The “model” part now can be re-written in the more elegant form:

model {
  n_pn~binomial(N, pA);
  n_np~binomial(N, pB);
  n_pp~binomial(N, pA * pB);
  n_nn~binomial(N, (1-pA) + (1-pB) - (1-pA)*(1-pB));
}

Since the events A and B are independent, you can calculate n_A = n_pn + n_pp and n_B = n_np + n_pp and use:

model {
  n_A~binomial(N, pA);
  n_B~binomial(N, pB);
}

This is also wrong, but in the more subtle way. I am counting the same data twice. The correct answer is this:

data {
  int<lower=0> n_nn;
  int<lower=0> n_pn;
  int<lower=0> n_pp;
  int<lower=0> n_np;
}

transformed data {
  int nd[4];
  nd[1] = n_nn;
  nd[2] = n_pn;
  nd[3] = n_np;
  nd[4] = n_pp;
}

parameters {
  real<lower=0, upper=1> pA;
  real<lower=0, upper=1> pB;
}

transformed parameters {
  simplex[4] s;
  s[1] = (1-pA) * (1-pB);
  s[2] = pA * (1-pB);
  s[3] = pB * (1-pA);
  s[4] = pA * pB;
}

model {
  nd ~ multinomial(s);
}

@DouglasBoubert your answer is 100% correct, simple and beautiful. For my further work I need a form where I can put further constraints, since the model I work on has a third event, “T”, which manifests itself only with counts on n_pp. This is where this seems more useful.

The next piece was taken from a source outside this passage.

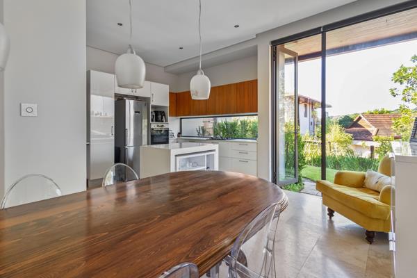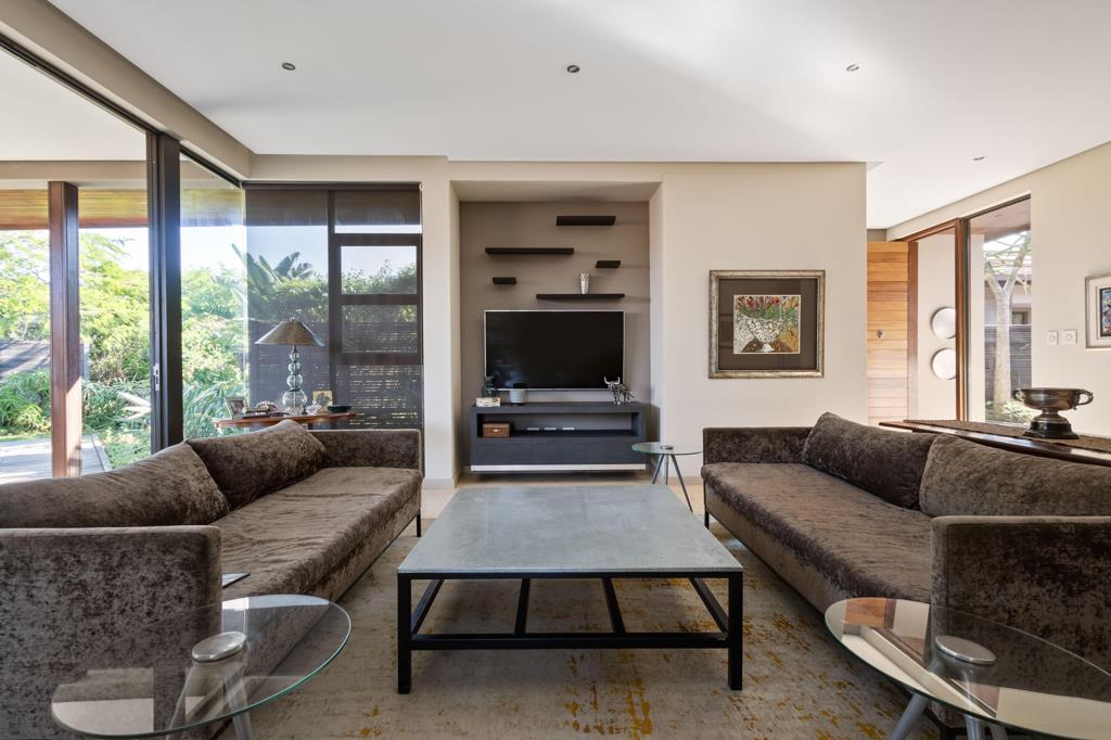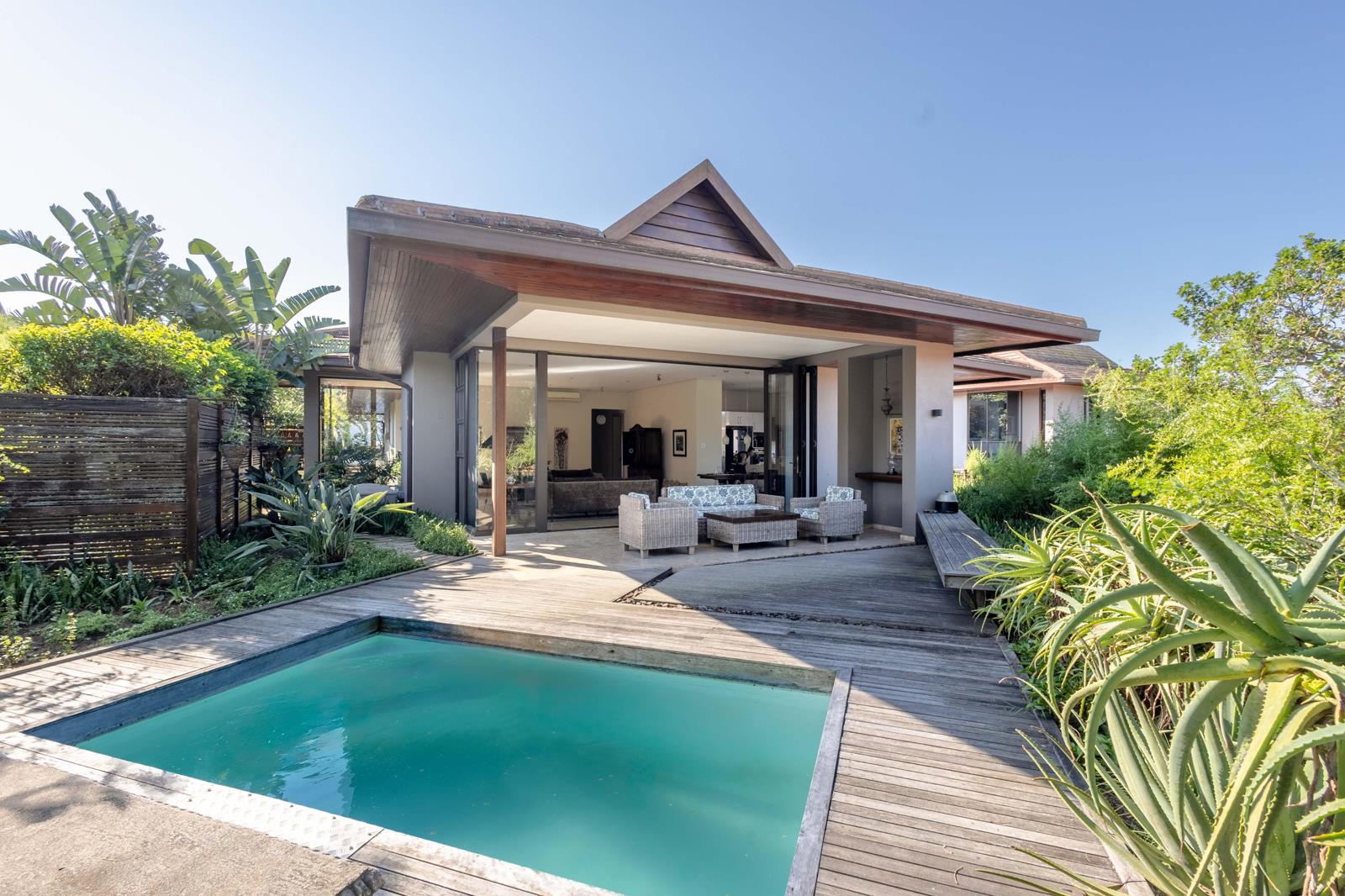 Modern level home situated in Zimbali Coastal Estate. This level home features high ceilings, an open plan living space, dining area, modern kitchen and three en-suite bedrooms. On entrance is the living room which opens up through folding doors to the covered entertainment area overlooking the pool and garden, giving the home an indoor/outdoor feel. The kitchen features a centre island, gas hob and eye level oven.

The original model was not that bad, after all! Here’s the working version of the same approach I did for the original model:

data {
  int<lower=0> n_nn;
  int<lower=0> n_pn;
  int<lower=0> n_pp;
  int<lower=0> n_np;
}

parameters {
  real<lower=0, upper=1> pA;
  real<lower=0, upper=1> pB;
  real<lower=0, upper=1> pT;
}

transformed parameters {
  simplex[4] s;
  s[1] = (1-pA) * (1-pB) * (1-pT);
  s[2] = pA * (1-pB)*(1-pT);
  s[3] = pB * (1-pA)*(1-pT);
  s[4] = pA * pB + pT - pA*pB*pT;
}

model {
  target+=bernoulli_lpmf(1|pA * (1-pB))*n_pn;
  target+=bernoulli_lpmf(1|pB * (1-pA))*n_np;
  target+=bernoulli_lpmf(1|pA * pB)*n_pp;
  target+=bernoulli_lpmf(1|(1-pA) * (1-pB))*n_nn;
}

I simply calculated the probabilities wrong!

So what we have now are three different ways of coding the same simple model. That would make a good entry tutorial for probabilistic programming!